_WHAT YOU HAVE TO DO:_
Return the lines below exactly, from the first line to the line that contains "Шерстяной костюмный блейзер". Leave out pictures.
##### DATA SUPPLIED
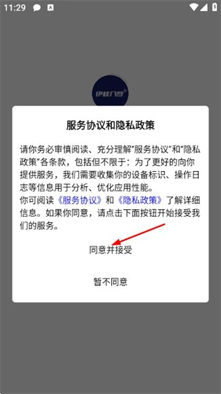 进入伊枕入梦后,点击同意并接受,进入登录页面。
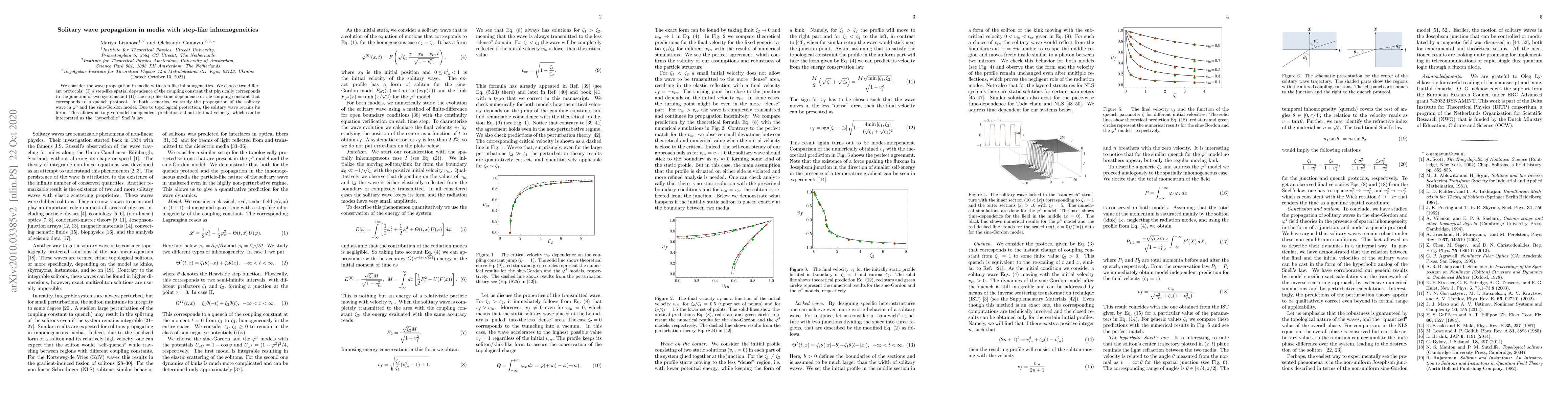 This paper investigates solitary wave propagation in media with step-like inhomogeneities, examining two protocols: spatial and temporal variations in coupling constants. The study reveals that solitary waves maintain their form due to topological protection, allowing for model-independent predictions about their final velocities.
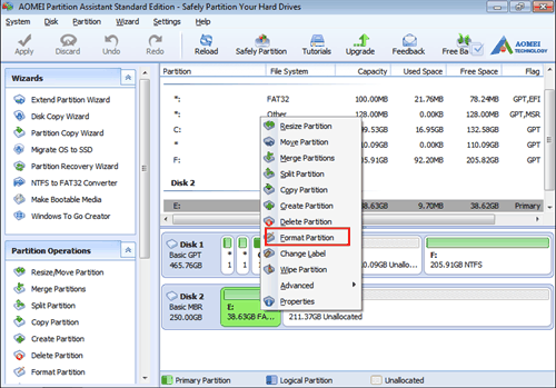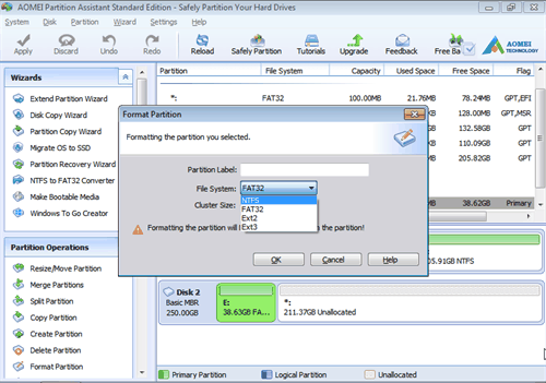 If you are not good at CMD command, you can turn to a powerful disk manager-AOEMI Partition Assistant Standard. It is a user-friendly software. you can easily format a USB drive, SD card, hard drive, as well as other storage device to full storage. And it supports FAT32, NTFS, exFAT, and Ext2, Ext3, Ext4 in Windows 10, 8, 7.
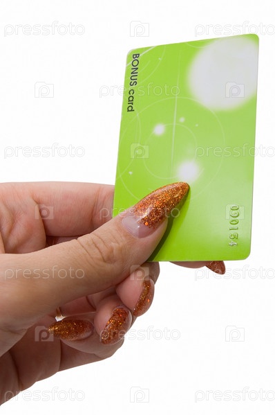Женская рука, держащая бонусную карту на белом фоне
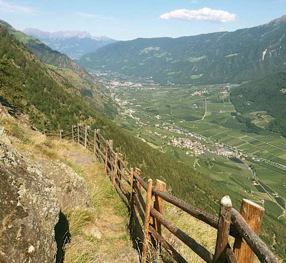 Der Vinschger Höhenweg, von Staben im Untervinschgau bis zur Etschquelle am Reschenpass, vereint verschiedene Etappen zu einem reizvollen Erlebnismarsch. Die mehr als 100 Kilometer lange Strecke verläuft auf Wanderwegen, Waalwegen (alte Bewässerungspfade) oder Verbindungswegen zwischen Bauernhöfen. Am Vinschger Höhenweg wandert man durch eine artenreiche Vegetation und eine Natur, die gegensätzlicher nicht sein könnte und bietet spektakuläre Aussichten auf die höchsten Berge Südtirols und in das fruchtbare Tal.
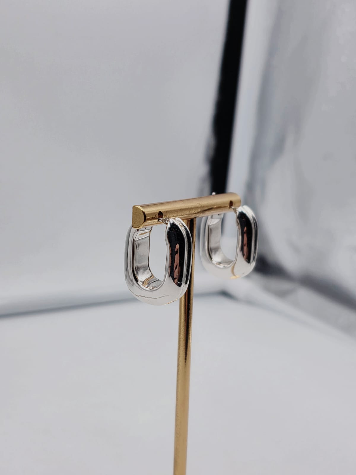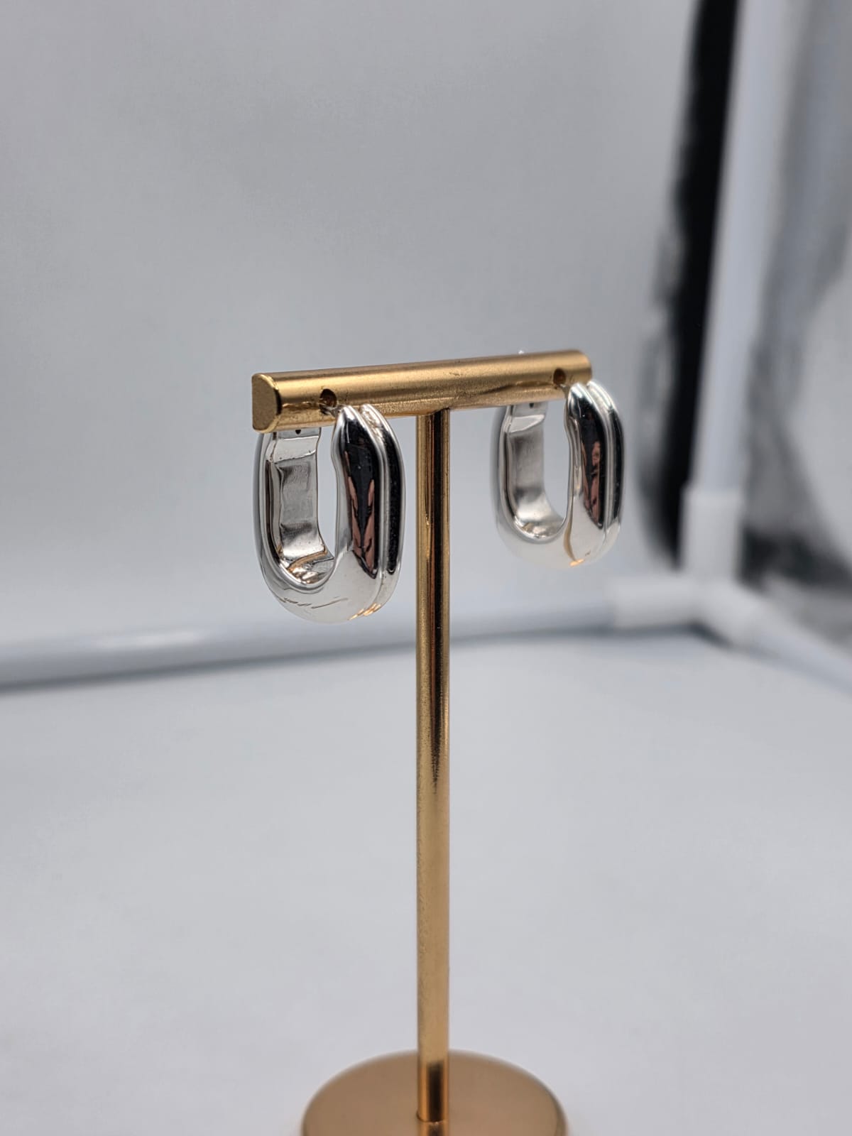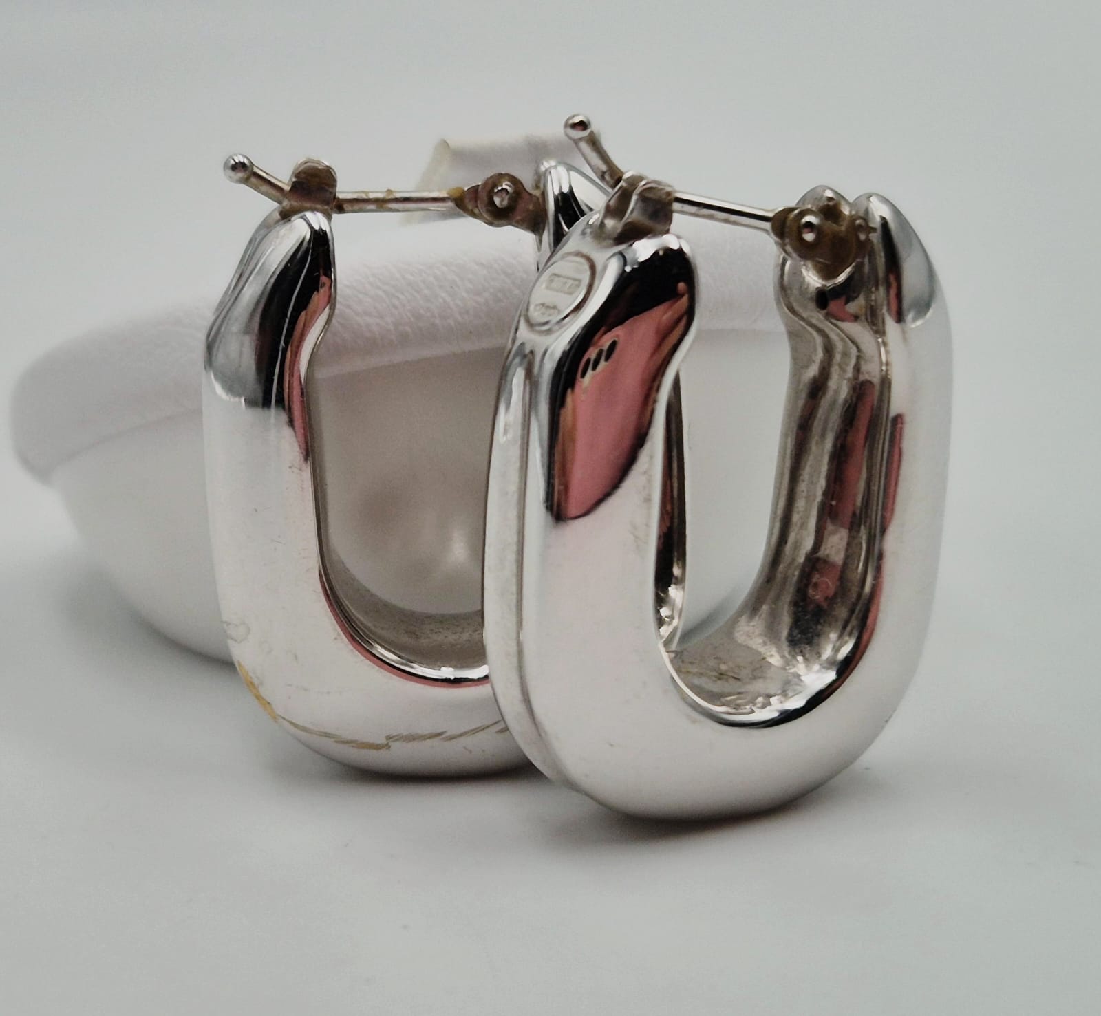 Bellissimi orecchini forma rettangolare realizzati in oro massiccio bianco 18 carati
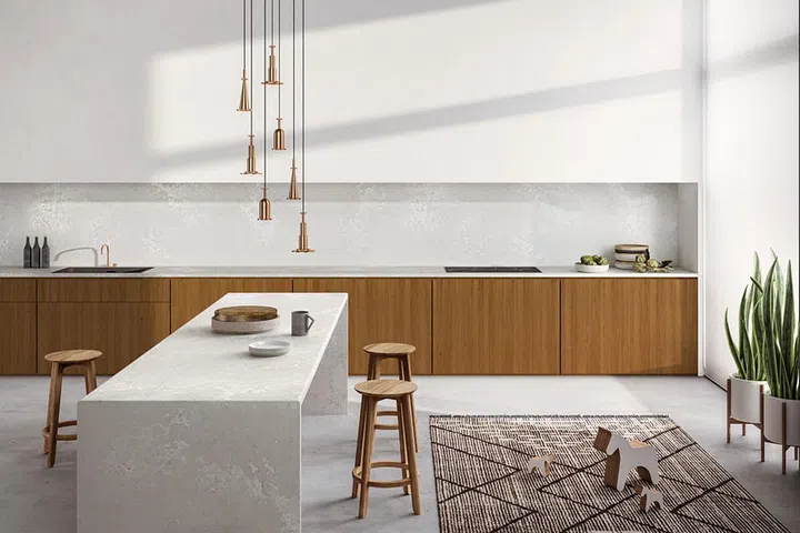 A kitchen dressed with 4023 Topus Concrete from Caesarstone's Metropolitan Collection.
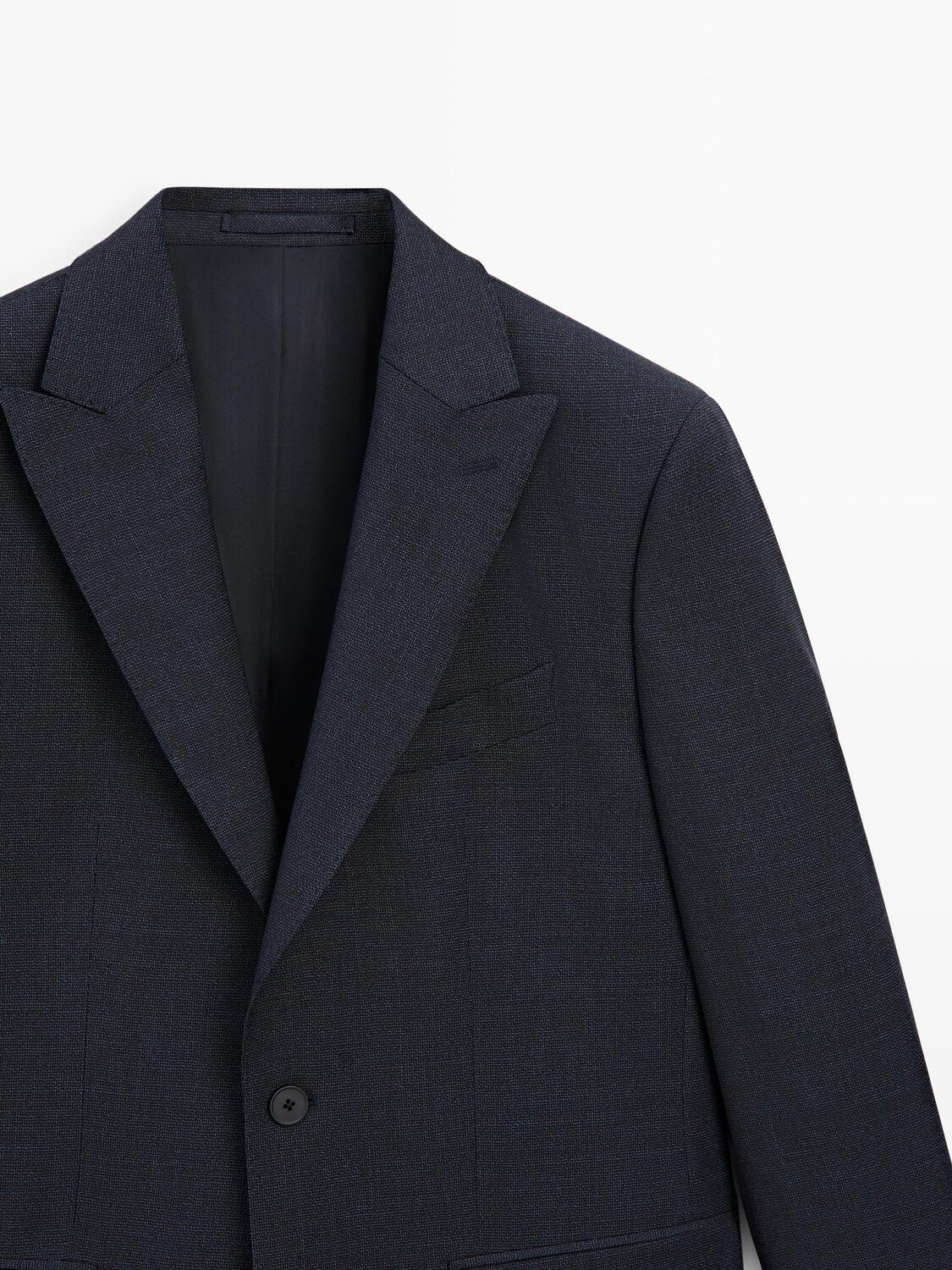 Шерстяной костюмный блейзер Massimo Dutti, indigo
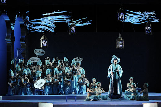 Emilio Sagi’s production at the ABAO was premiered in Santiago de Chile in October 2009 and had been shown in Lausanne last November. The sets are simple and attractive, although an awful lot of people are necessary to change the sets which can be quite bothersome in certain moments. Costumes are very appealing, with Isabella as a 1950s movie star at the centre. Colours are the core of this production, changing from white at the beginning to the colours of the Italian in the end, passing through red and blue in Mustafa’s palace. Good lighting can be expected in Sagi’s works, although I’ve seen better in other Sagi productions.
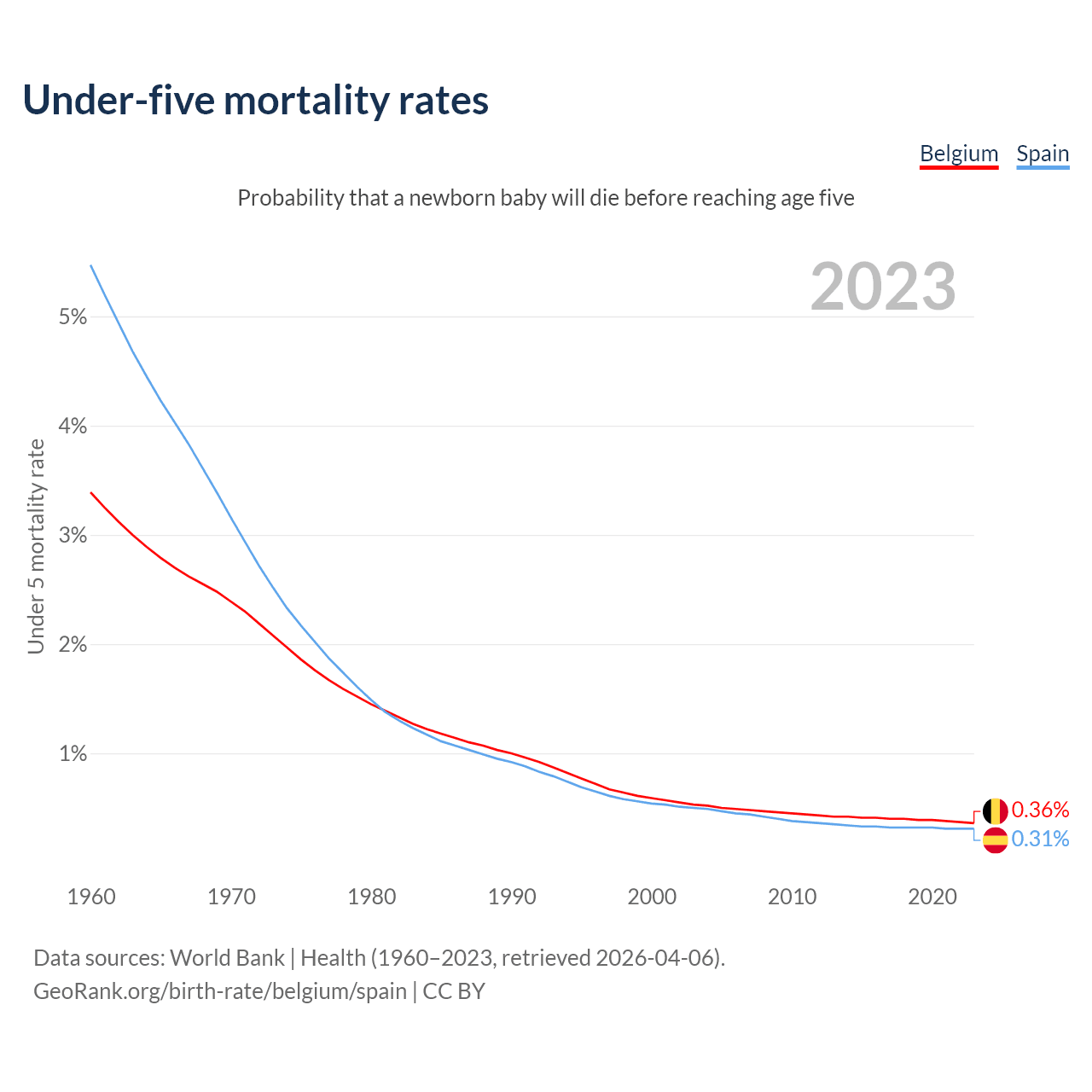 The chance that a newborn baby will die before reaching age five is 0.36% in Belgium and 0.31% in Spain. Above is a chart with historical data on under-five mortality rates.
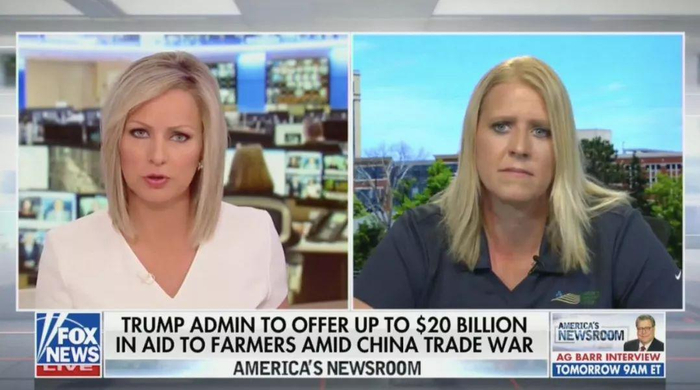 帕蒂·埃德尔伯格(Patty Edelburg),是一位来自威斯康星州的奶农。同时,她也是一个代表20万美国农民的组织、全国农民联盟(NFU)的副主席。今年五月底,当特朗普政府宣布160亿针对农民的救助计划后,福克斯新闻的《America‘s Newsroom》曾采访她,希望她对这笔补贴发表看法。
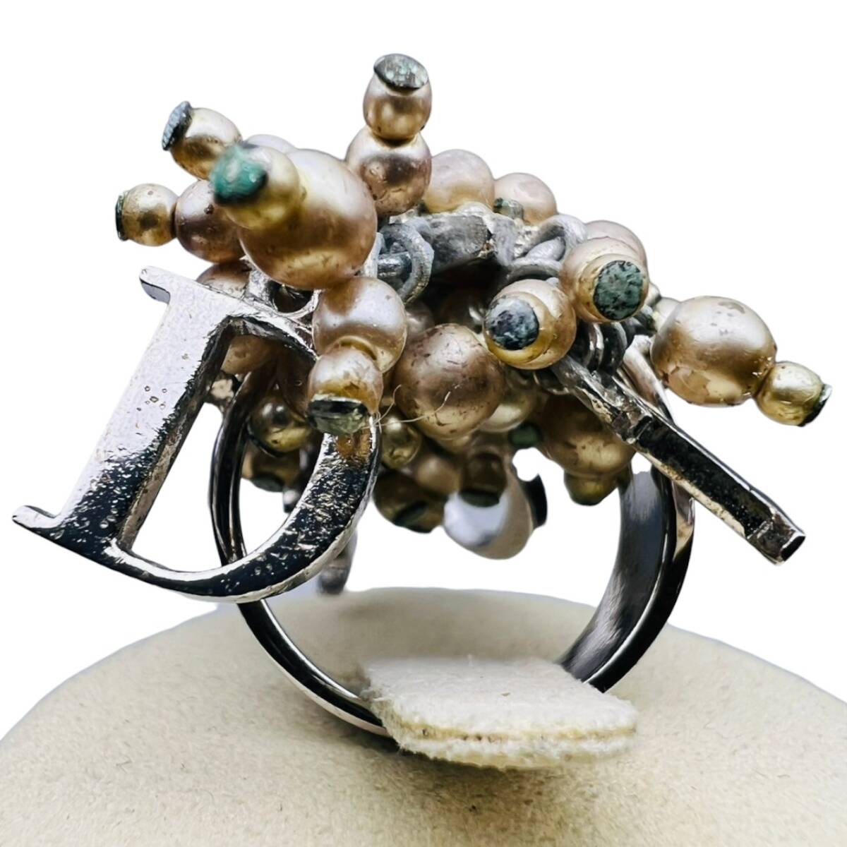 | 【良品】Dior ビーズ リング 指輪 ロゴ 刻印あり 11号 ヴィンテージ |
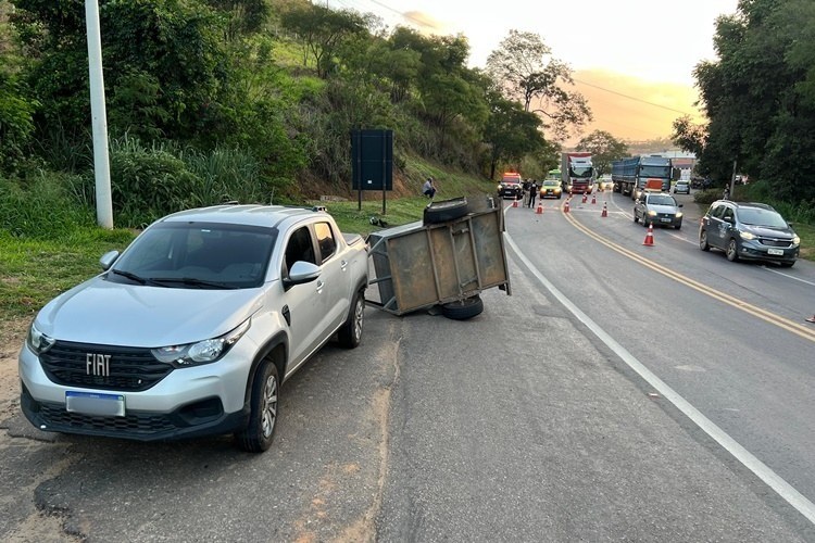 Um grave acidente foi registrado na tarde desta quinta-feira (20) na BR-116, na saída para o bairro Bela Vista, em Muriaé. A Polícia Rodoviária Federal foi acionada após a colisão entre uma motocicleta e um automóvel que seguia sentido Manhuaçu. De acordo com as informações colhidas no local, a motocicleta, que trafegava na direção contrária, acabou atingindo a carretinha acoplada ao veículo.
##########
_ANSWER:_
 进入伊枕入梦后,点击同意并接受,进入登录页面。
 This paper investigates solitary wave propagation in media with step-like inhomogeneities, examining two protocols: spatial and temporal variations in coupling constants. The study reveals that solitary waves maintain their form due to topological protection, allowing for model-independent predictions about their final velocities.
 If you are not good at CMD command, you can turn to a powerful disk manager-AOEMI Partition Assistant Standard. It is a user-friendly software. you can easily format a USB drive, SD card, hard drive, as well as other storage device to full storage. And it supports FAT32, NTFS, exFAT, and Ext2, Ext3, Ext4 in Windows 10, 8, 7.
Женская рука, держащая бонусную карту на белом фоне
 Der Vinschger Höhenweg, von Staben im Untervinschgau bis zur Etschquelle am Reschenpass, vereint verschiedene Etappen zu einem reizvollen Erlebnismarsch. Die mehr als 100 Kilometer lange Strecke verläuft auf Wanderwegen, Waalwegen (alte Bewässerungspfade) oder Verbindungswegen zwischen Bauernhöfen. Am Vinschger Höhenweg wandert man durch eine artenreiche Vegetation und eine Natur, die gegensätzlicher nicht sein könnte und bietet spektakuläre Aussichten auf die höchsten Berge Südtirols und in das fruchtbare Tal.
 Bellissimi orecchini forma rettangolare realizzati in oro massiccio bianco 18 carati
 A kitchen dressed with 4023 Topus Concrete from Caesarstone's Metropolitan Collection.
 Шерстяной костюмный блейзер Massimo Dutti, indigo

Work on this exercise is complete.